**Data**
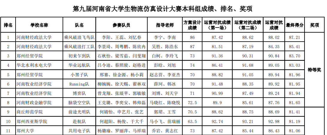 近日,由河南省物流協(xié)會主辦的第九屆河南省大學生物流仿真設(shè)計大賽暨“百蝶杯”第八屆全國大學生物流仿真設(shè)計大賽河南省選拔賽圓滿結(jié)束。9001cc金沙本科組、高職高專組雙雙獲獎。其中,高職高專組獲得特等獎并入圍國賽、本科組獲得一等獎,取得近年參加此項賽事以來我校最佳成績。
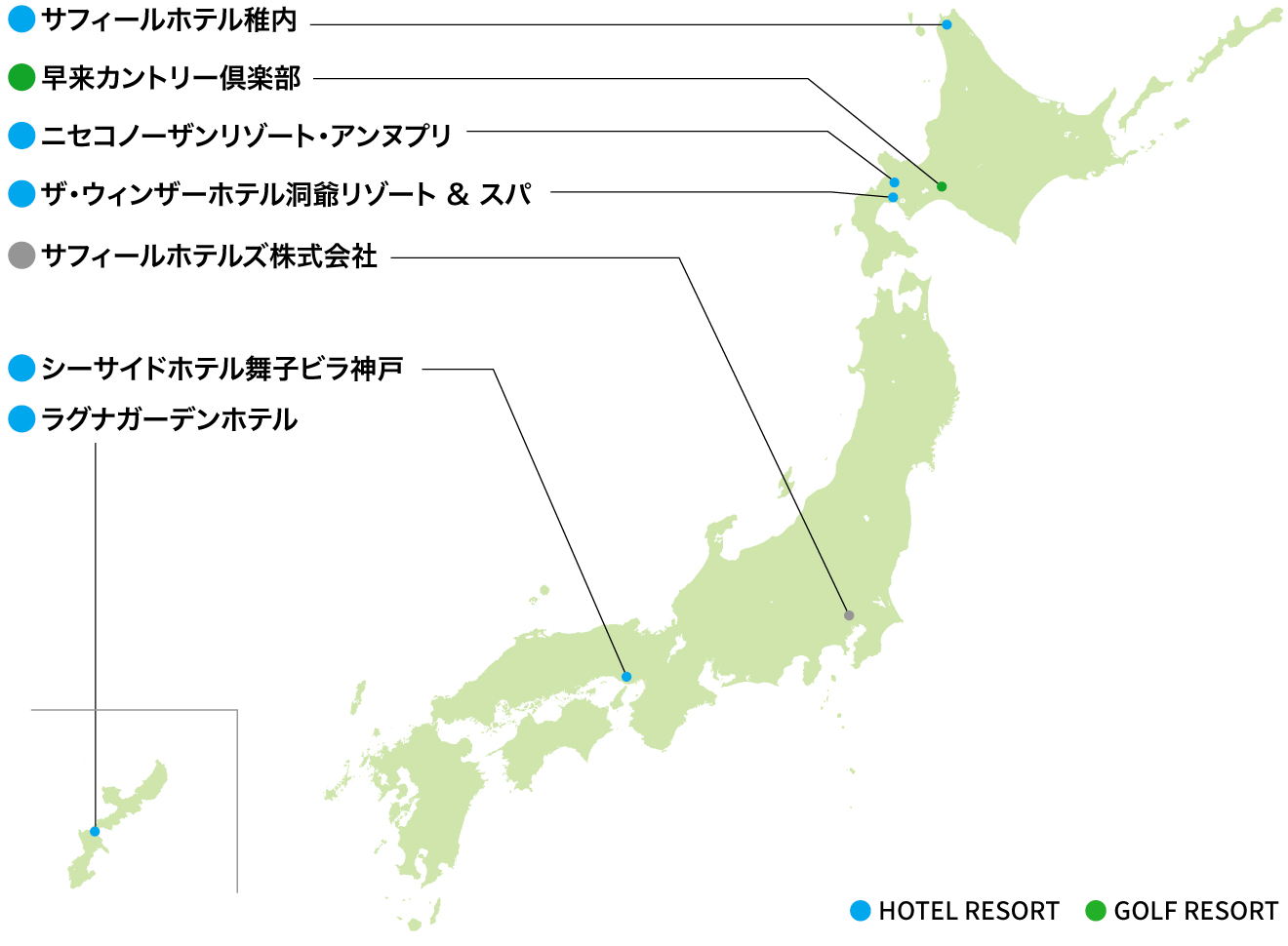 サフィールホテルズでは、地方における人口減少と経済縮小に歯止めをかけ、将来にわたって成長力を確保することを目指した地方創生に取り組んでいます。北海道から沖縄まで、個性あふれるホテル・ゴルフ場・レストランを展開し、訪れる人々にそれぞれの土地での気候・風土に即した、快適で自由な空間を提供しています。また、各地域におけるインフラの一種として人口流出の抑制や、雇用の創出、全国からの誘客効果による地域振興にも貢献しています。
==
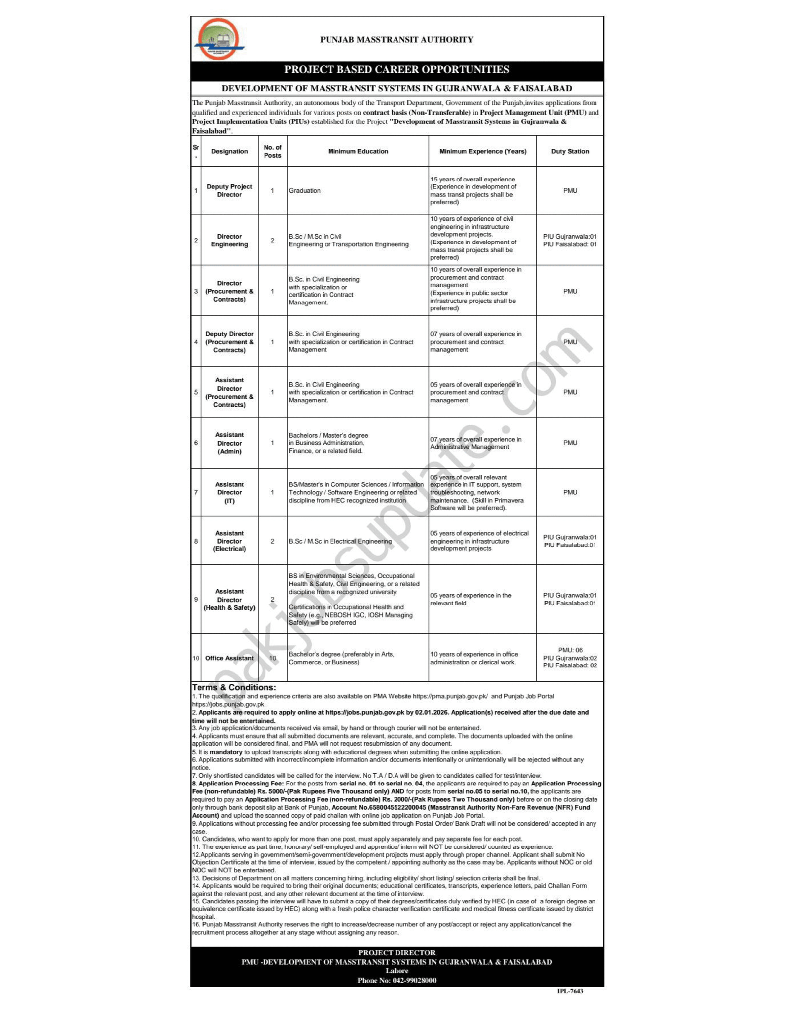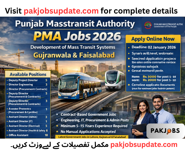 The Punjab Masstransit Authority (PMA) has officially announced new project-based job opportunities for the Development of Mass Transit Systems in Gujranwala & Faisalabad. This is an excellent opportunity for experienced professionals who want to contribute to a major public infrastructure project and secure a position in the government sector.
...
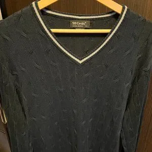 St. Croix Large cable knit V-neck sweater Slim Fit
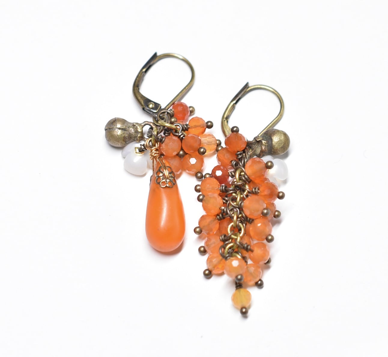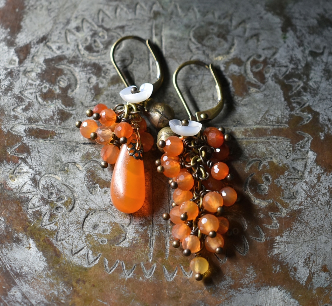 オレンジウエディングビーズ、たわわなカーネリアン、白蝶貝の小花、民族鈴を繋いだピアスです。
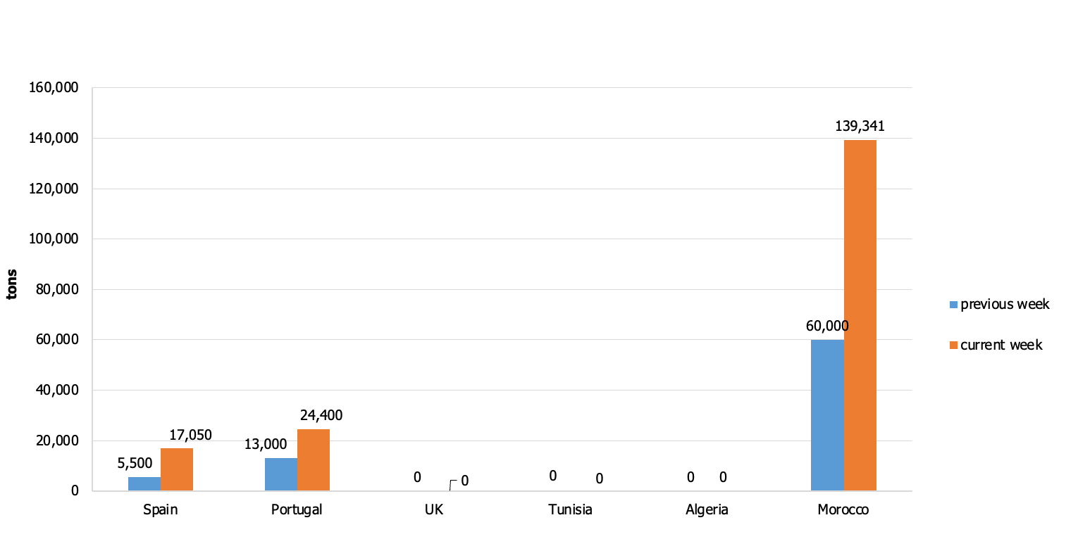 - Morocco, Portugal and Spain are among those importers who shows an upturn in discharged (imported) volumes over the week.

**Required work**
Within the listing above, write out the stretch from the line with "オレンジウエディングビーズ、" through the line with "- Morocco, Portugal" exactly. Any pictures are to be left out.

**Exercise answer**
 オレンジウエディングビーズ、たわわなカーネリアン、白蝶貝の小花、民族鈴を繋いだピアスです。
 - Morocco, Portugal and Spain are among those importers who shows an upturn in discharged (imported) volumes over the week.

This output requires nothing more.